Four other interesting references are (Pressey et al., 1996),
(Rodrigues and Gaston, 2002b), (Fischer and Church, 2005) and
(Vanderkam et al., 2007). In these articles the authors compare
exact and heuristics approaches to solve some reserve selection
problems.
We present below some selection reserve problems and their
formulation by mathematical programming. We first consider the
basic problem and some variants. This problem is to select a set
of areas, of minimum cost, to protect a set of predefined species.

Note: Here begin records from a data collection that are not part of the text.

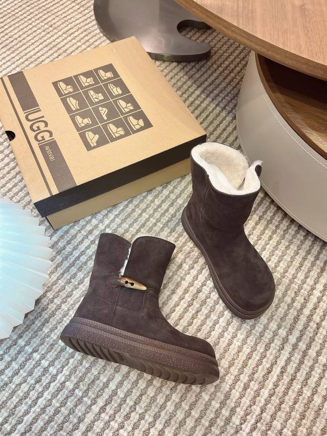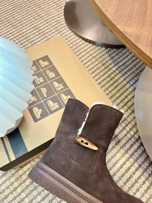 / 实价: 短筒雪地靴 :靴筒侧边牛角扣设计超显大长腿 :头层牛皮鞋面内里羊毛一体 :防滑耐磨 毛茸茸慵懒风 秋冬色系搭 配时尚元素爆棚 鞋面:羊皮毛一体 尺码:3
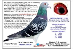 Macho POMBO IMPORTADO A MANUEL MARTINS RIO TINTO PORTO LINHA RONALDO DRAPA X SARITA (LINHA 128) 1º CANAL CAVEIRA YEARLINGS 337 KM SOBRINHO DO 217 1º 5º8º9º 14º 14º 1º CAMP. VELOCIDADE, GERAL, BLOCO 8500 POMBOS PRIMO 214 1ºPREMIO CASTELLON NO DERBY DE MURCIA NETO DO STAR RONALDO 1º 1º 3º 4º 5º 6º 6º
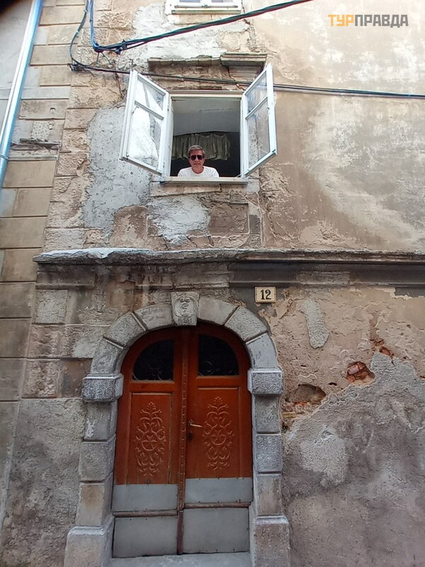 W tej chwili. Jeszcze jedna minuta. W Senyi są.2-3 fontanny. A do tych fontann przychodzą kobiety z wiadrami po wodę . Có ż , tak jak ten. W czapce i fartuchu. Oczywiś cie dzisiejsze kobiety uż ywają tej wody tylko do mycia podł ó g w kawiarniach i sklepach, ale jeś li zmruż ysz oczy, czas szybko cofnie się .
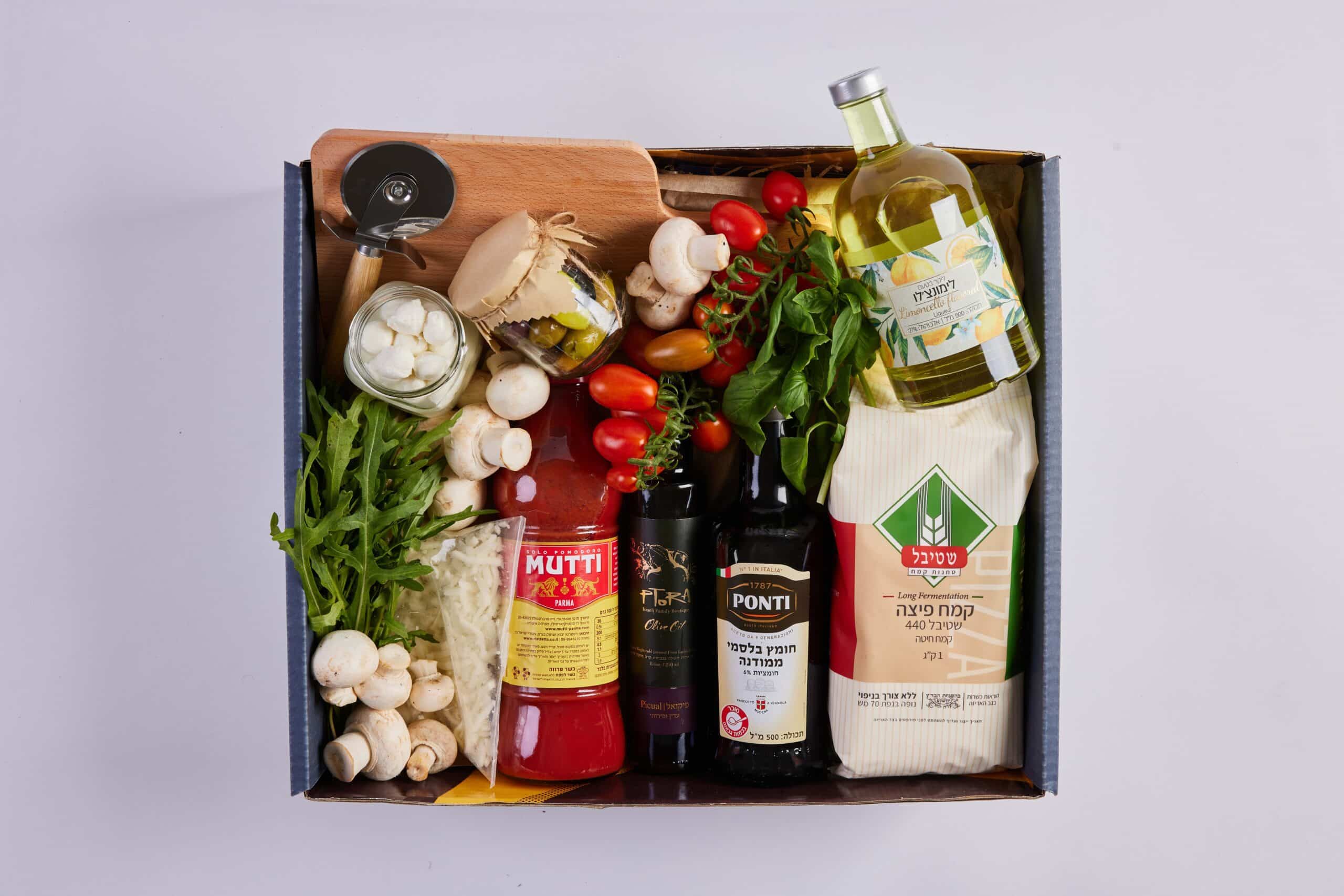 מארז פיצה ענק ומפנק עם כלללל המצרכים להכנת פיצה ביתית! מתנה מושלמת כחוויה משפחתית.
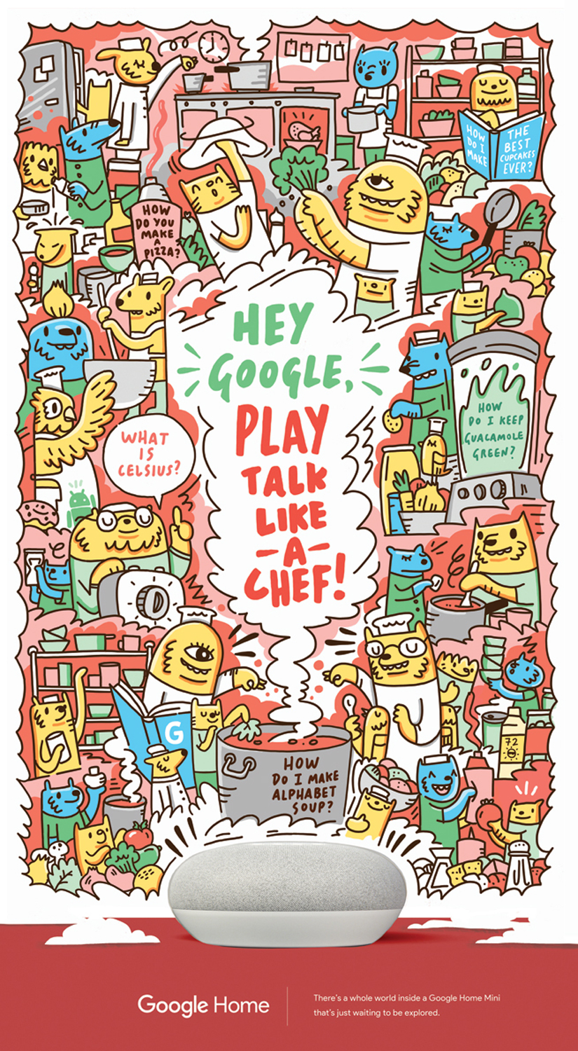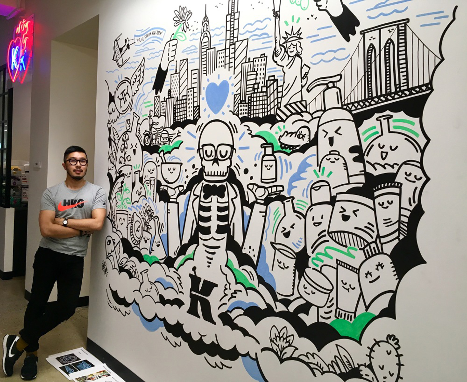 Geo's work has appeared in the New York Times, Stylist Magazine and the Washington Post, and he's created murals at companies such as Facebook, Walt Disney Animation Studios and Tumblr. Seeing his doodles on the wall would brighten up the most dismal of days at the office.
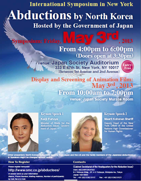 On May 3rd, the Japanese Government (Headquarter for Abduction Issue, Cabinet Office) will hold Symposium and Panel Display at the Japan Society on the issue of abduction by North Korea, as follows.
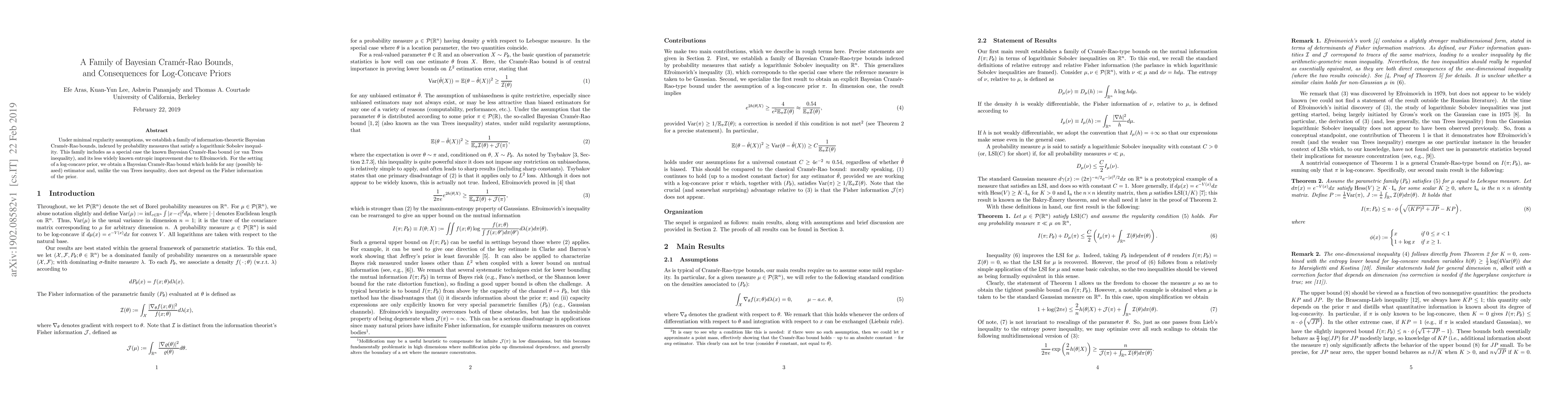 Under minimal regularity assumptions, we establish a family of information-theoretic Bayesian Cram\'er-Rao bounds, indexed by probability measures that satisfy a logarithmic Sobolev inequality. This family includes as a special case the known Bayesian Cram\'er-Rao bound (or van Trees inequality), and its less widely known entropic improvement due to Efroimovich. For the setting of a log-concave prior, we obtain a Bayesian Cram\'er-Rao bound which holds for any (possibly biased) estimator and, unlike the van Trees inequality, does not depend on the Fisher information of the prior.
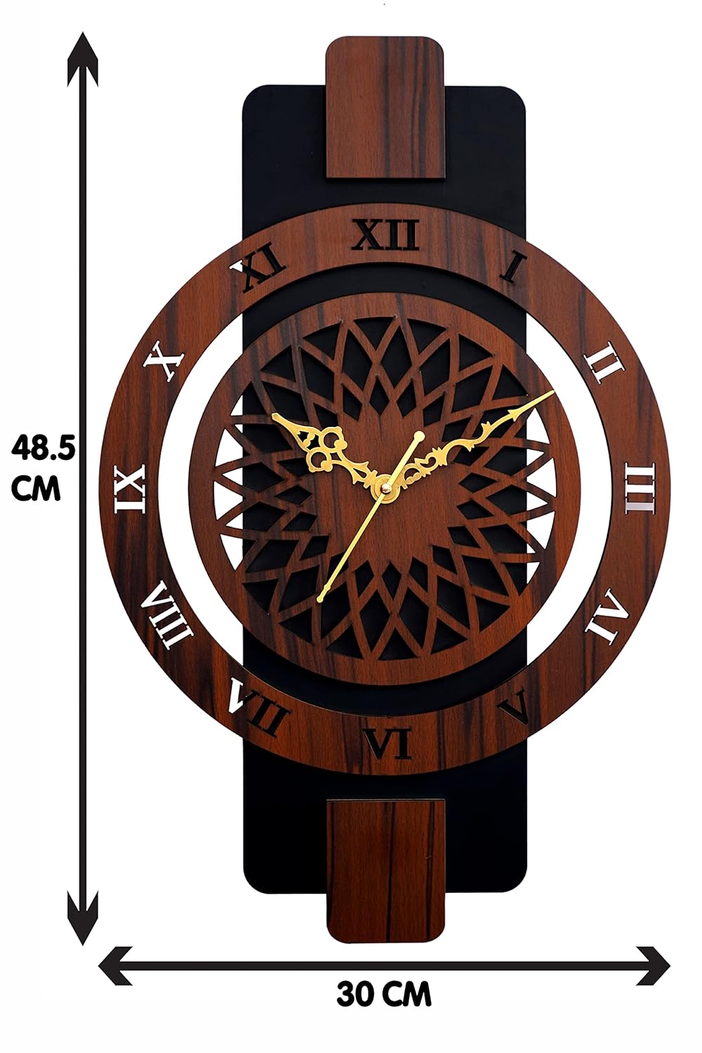 This stylish wooden wall clock makes a beautiful addition to any room in the home. Crafted from MDF wood with a classic Roman numeral dial, it brings vintage charm and character. Measuring 30 CM in diameter, its generous size ensures the time is easily visible from anywhere in the room.
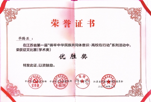 近日,江苏省第一届“铸牢中华民族共同体意识·高校在行动”系列活动评选结果揭晓。在本次由省民宗委、省委宣传部、省委统战部和省教育厅联合举办的大赛中,公司青年教师毕腾亚荣获征文比赛(学术类)优胜奖。
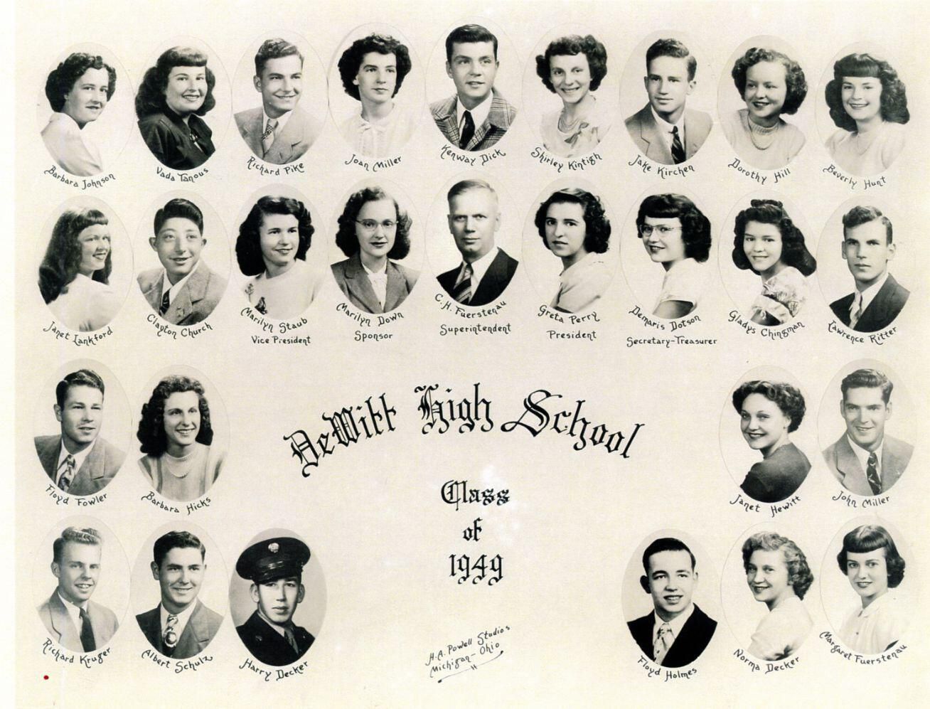 DeWitt High School class of 1949. photocopy.
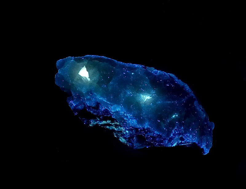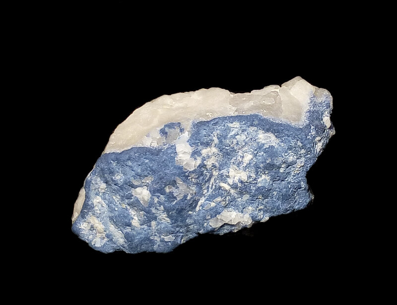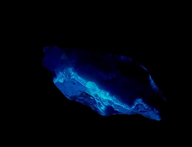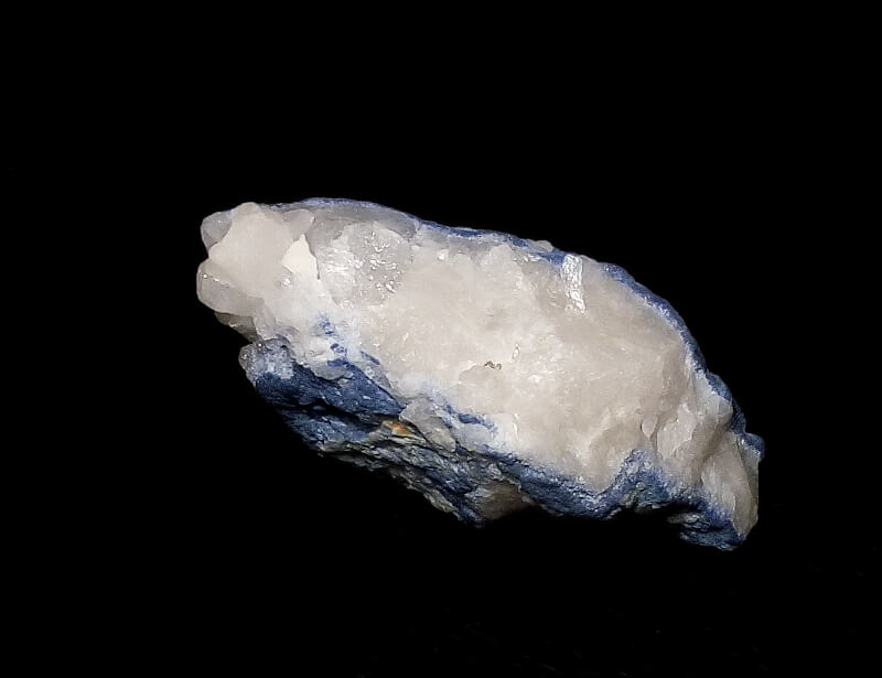 Blue dumortierite on quartz. The dumortierite fluoresces a nice blue under shortwave UV light. In the quatz, there is soft, white mineral, fluorescent bright white under longwave UV light, possibly dickite.
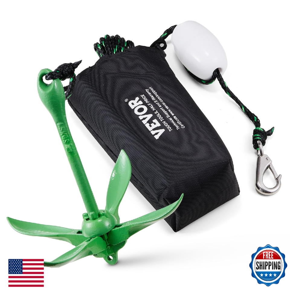 Kayak Anchor Kit: Our kayak anchor kit includes a 3.5 lb kayak anchor, a 26.2 ft/ 8m double-braided marine-grade rope, a buoy, a stainless steel spring hook, and a convenient storage bag, providing hassle-free docking for your vessels. Our paddle board anchor is lightweight and easy to carry; it's a great choice for outdoor water sports players.,Stable Grip in Shallow Waters: Easily deploy the 4-fluke kayak anchor by sliding the collar up, folding the wings, and locking it in place. Designed for shallow waters, it offers excellent horizontal resistance on various terrains, from sandy to rocky bottoms, ensuring secure anchoring for small boats.,Anti-Seawater Corrosion: Crafted from cast iron (KTH300-06) with electroplating and spray coating, our jet ski anchor withstands harsh marine environments, remaining durable, impact-resistant, and corrosion-resistant in river and seawater, ensuring long-lasting performance.,Folding Boat Anchor: Compact and foldable, our 3.5 lb 4-fluke boat anchor folds to a compact size of 12" x 3", making it easy to store and transport with the included storage bag. Lightweight and versatile, it's ideal for SUP yoga, motorboat anchoring, kayak fishing, and more.,Wide Applications: Our paddle board anchor kit is suitable for a variety of small human-powered boats, including rowboats, canoes, inflatable boats, kayaks, and paddleboards, providing essential stability and security for your outdoor water adventures.
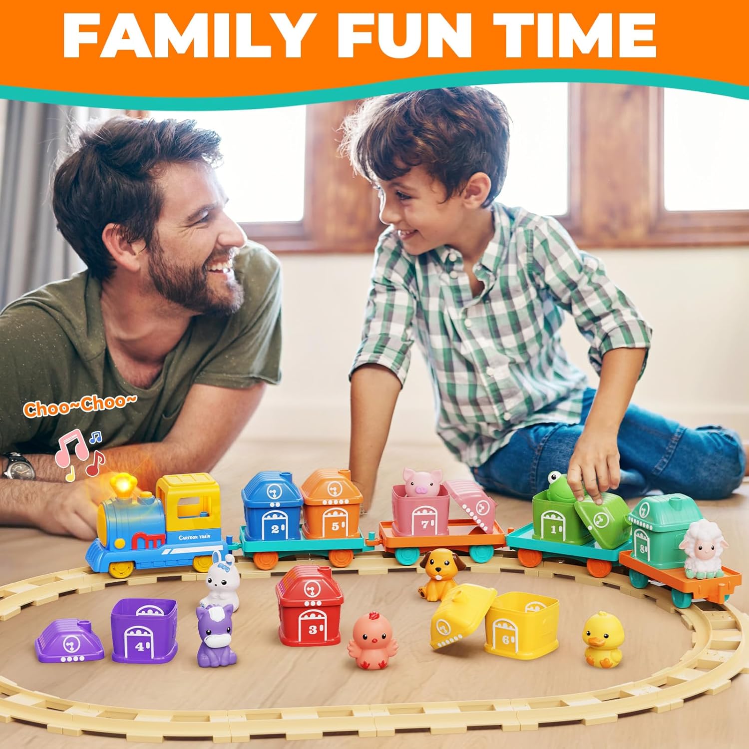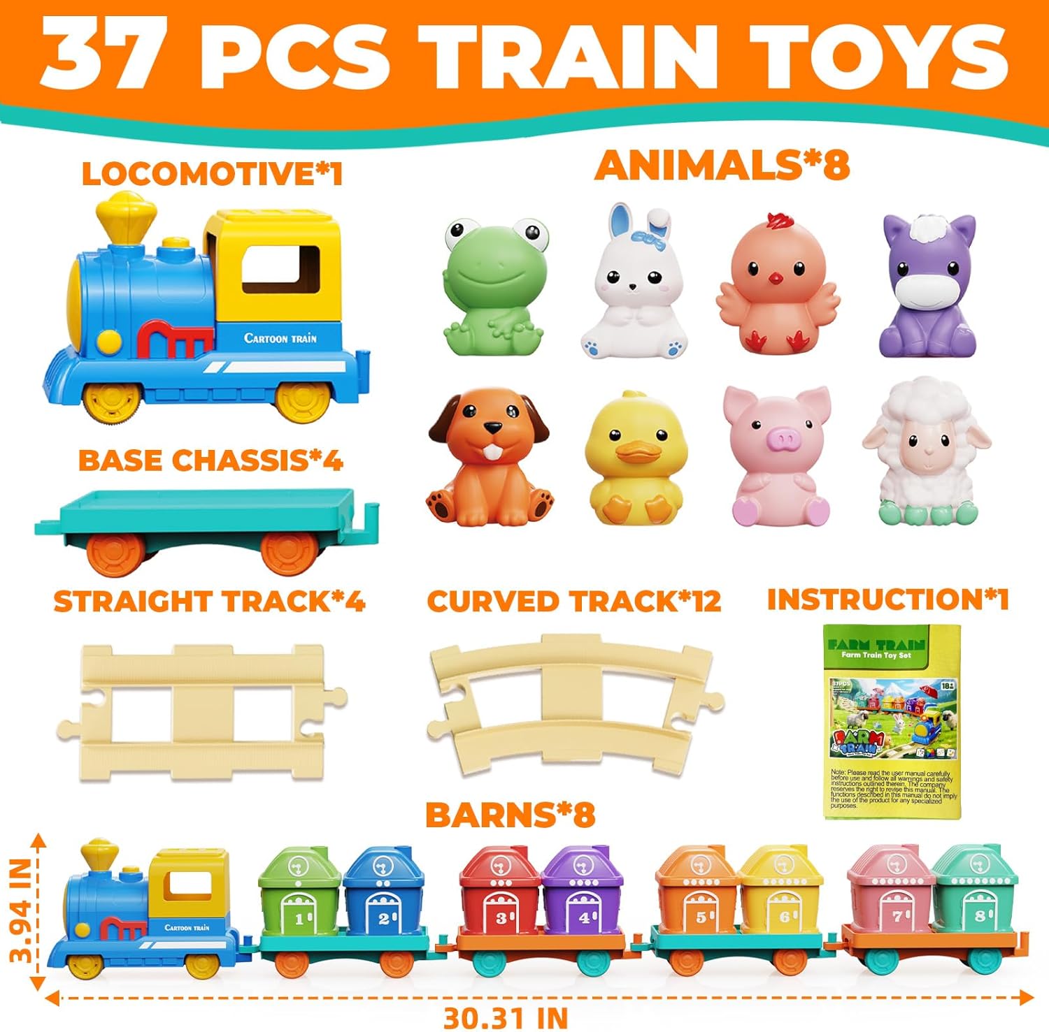 MONTESSORI TODDLER TOYS TRAIN SET: includes 1 light-up Locomotive with sounds, 4 train Base Chassis, 4 Straight & 12 Curved Tracks (forms a complete oval), 8 colorful Barns, & 8 silicone Animals. This train set for toddlers 2-4 helps toddlers master numbers, color, and farm animal. Our toddler will develop creativity and imagination while building tracks, improve hand-eye coordination through interactive play. This train set is a great montessori toys for 1, 2 year old–all while building early learning skills the Montessori way!
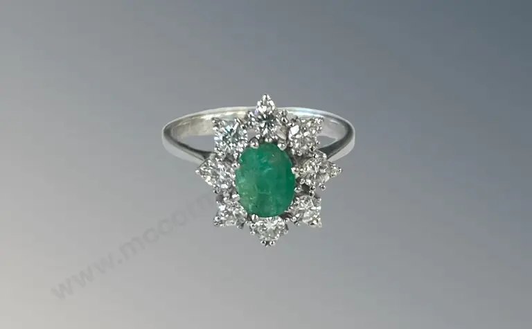 18ct White Gold Emerald and Diamond Oval Cluster Ring, Emerald .96ct, Size N, TW5.17gms, Valuation $6155 Estimate: $1,500 - $2,500

A variant consists in determining, under a budget constraint, a
set of areas to protect a maximum number of species. These problems
can be modeled easily by 0–1 linear programs and can be
solved efficiently by commercial solvers. We then illustrate consideration
of spatial constraints. These constraints may affect the
compactness of the reserve, its connectivity or its shape. They
can also impose a specific role to different areas of the reserve
(central zone and buffer zone, for example). Taking into account these spatial constraints often complicates the models because
they generate nonlinearities in the associated mathematical programs.
The connectivity constraint, common to many operational
research problems, is particularly difficult to take into account.
We then focus on the definition of reserves taking into account
the population of each species that needs protection. In this case,
we consider that a species can survive only if the size of its population
exceeds a certain threshold. Another objective, also taking
into account the population size of each species, is to define a reserve
which maximizes the species diversity. Again, the optimal
solutions can be difficult to obtain. We also consider the realistic
case, where for each species we only know its survival probability
in a protected area. The associated problems are often difficult to
solve because the expression of the survival probability of a species
in a given set of protected areas is generally complicated. In some
cases, one should be satisfied with sub-optimal solutions. Finally,
we illustrate the temporal dimension which may occur in the design
of a reserve. Consideration of time does not necessarily introduces
great difficulties in modeling. However it increases the size
of the associated programs.